The peroneals are the two muscles which run down the outside of the lower leg. They attach at the top to the Fibula bone (the smaller of the two lower leg bones) run down the outer leg. The Peroneus Brevis tendon then inserts into the base of the 5th Metatarsal (long bones in the foot) with the Peroneus Longus tendon running under the sole of the foot too attach to the 1st metatarsal and other tarsal bones.
The function of the peroneal tendonitis brace is to evert the foot and aid the calf muscles with plantarflexion. Evertion (or supination) is the action of turning the ankle so that the sole of the foot faces outwards. It is the opposite of inversion (also known as pronation).
Peroneal Tendonitis is an overuse injury which develops gradually through repetitive strain on the tendon. The name tendonitis suggests that there is an inflammatory cause (‘itis’ = inflammation), although investigations have shown that this is not the case.
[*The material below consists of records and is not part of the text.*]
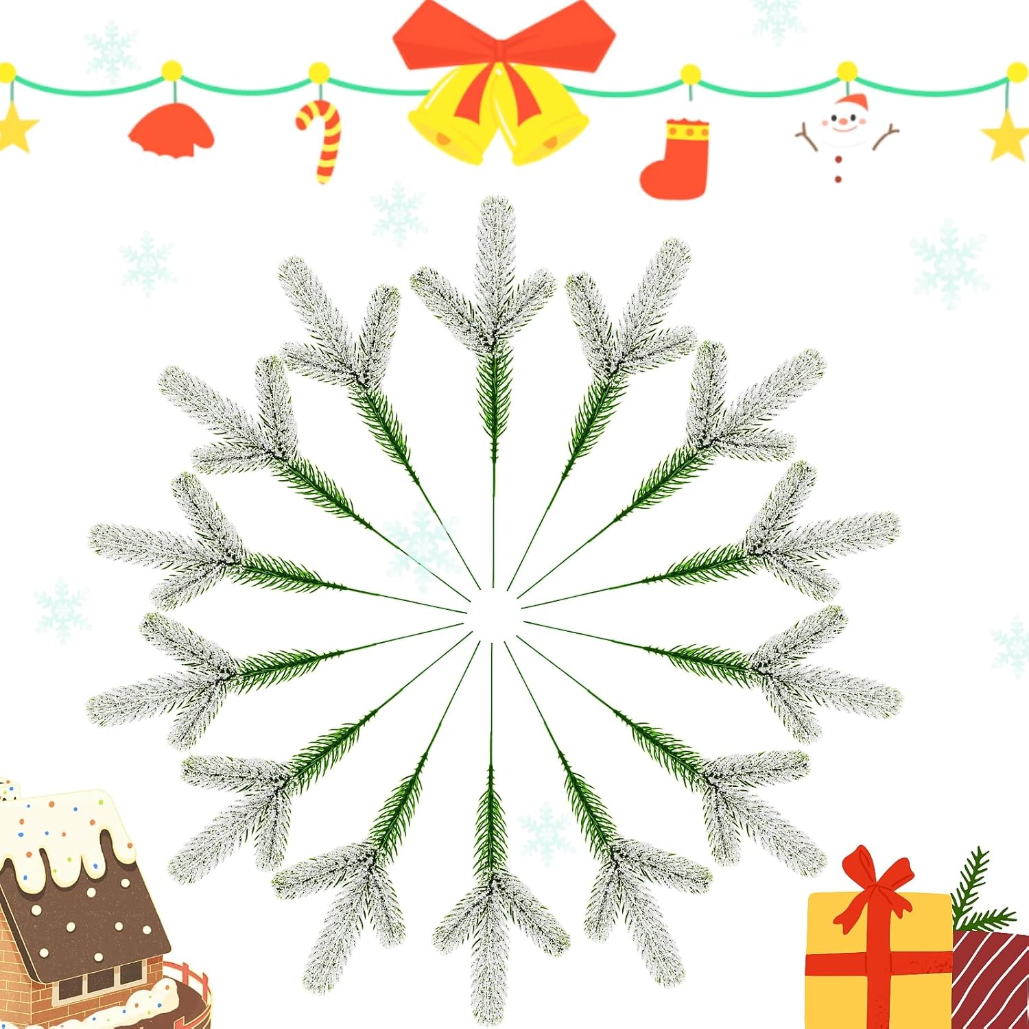 120 Pcs Artificial Pine Needles Branches Snowy Pine Branches for Christmas Tree, Vase, Wreath, Garland, DIY Crafts, Home Decor, Merry Christmas Wreath, Xmas Wreath for Home Decoration, Artifi
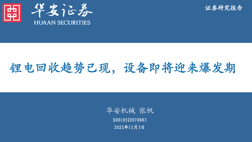 【华安证券】【20221103】电力设备:锂电回收趋势已现,设备即将迎来爆发期-26页
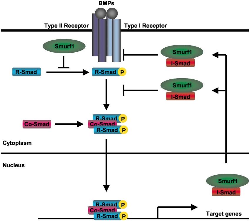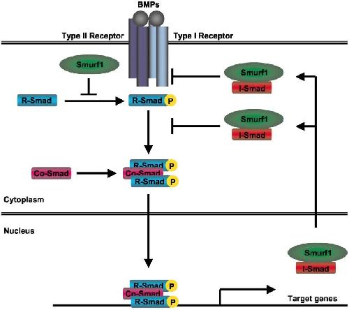 Figure 7. Inhibition of BMP signaling by Smurf1 through multiple mechanisms. In the absence of BMP signaling, Smurf1 interacts with BMP-specific R-Smads and induces their degradation to maintain low basal levels of them. In the presence of BMP signaling, Smurf1 targets activated type I receptors and BMP-specific R-Smads for ubiquitin-dependent degradation. I-Smads, induced by BMPs, act as adaptors in this process.
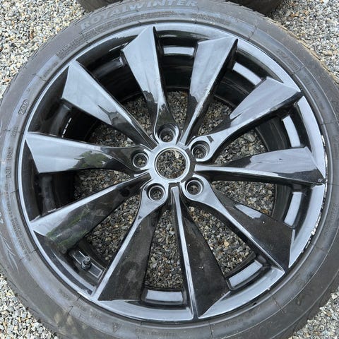 Selger 4 stk orginale 8.5x20 Tesla Performance felger i satin black med Nokian Hakkapillata R3 piggfrie dekk. Felgene passer alle Model 3 fra 2019 - 2026.

It is more of a degenerative condition and so the phrase tendinopathy is more accurate.
Symptoms of peroneal tendinopathies include:
- Pain around the outer ankle which is aggravated by activity and relieved with rest.
- Tenderness of the peroneal tendons to touch.
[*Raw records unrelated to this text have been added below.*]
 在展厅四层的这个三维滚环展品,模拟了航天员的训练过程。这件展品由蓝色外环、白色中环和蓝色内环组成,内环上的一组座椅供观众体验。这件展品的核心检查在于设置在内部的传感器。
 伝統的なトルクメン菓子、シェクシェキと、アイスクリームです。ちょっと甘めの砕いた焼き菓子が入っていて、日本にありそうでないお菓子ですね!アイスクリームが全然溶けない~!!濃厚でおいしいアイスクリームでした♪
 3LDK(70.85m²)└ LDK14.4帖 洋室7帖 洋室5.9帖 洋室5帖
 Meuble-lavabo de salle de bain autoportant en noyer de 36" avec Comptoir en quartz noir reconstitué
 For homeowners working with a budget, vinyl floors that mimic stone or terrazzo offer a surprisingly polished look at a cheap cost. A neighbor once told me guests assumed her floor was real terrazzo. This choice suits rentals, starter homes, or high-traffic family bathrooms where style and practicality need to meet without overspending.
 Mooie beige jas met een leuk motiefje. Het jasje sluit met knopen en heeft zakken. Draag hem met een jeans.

- Pain on stretching the tendons – inverting the ankle.
- Pain on contracting the muscles – everting the ankle.
- There may be mild swelling and crepitus (creaking) in the tendon.
Peroneal tendonitis is very common in runners due to the repetitive motion at the ankle and the frequency of one of its biggest causes – overpronation! If the foot pronates (everts) excessively, this places extra strain on the peroneal muscles, as they work eccentrically (lengthening on contraction) to attempt to control this excess motion. Other common causes include running on slopes or cambered surfaces, as well as tight calf muscles.
Treatment of peroneal tendonitis should initially start with rest and the application of ice to ease pain and any inflammation present. Sports massage may be helpful to increase calf muscle elasticity as well as frictions to the tendons themselves to encourage blood flow and break down adhesions if present. Frequent stretching of the calf muscles is also highly recommended, as is peroneal strengthening with resistance bands.
Before returning to sport, the cause of the condition must be corrected. If overpronation is the culprit, then a change in running shoes to those with motion-control is advised. It may also be advisable to place arch support insoles in any other regular footwear.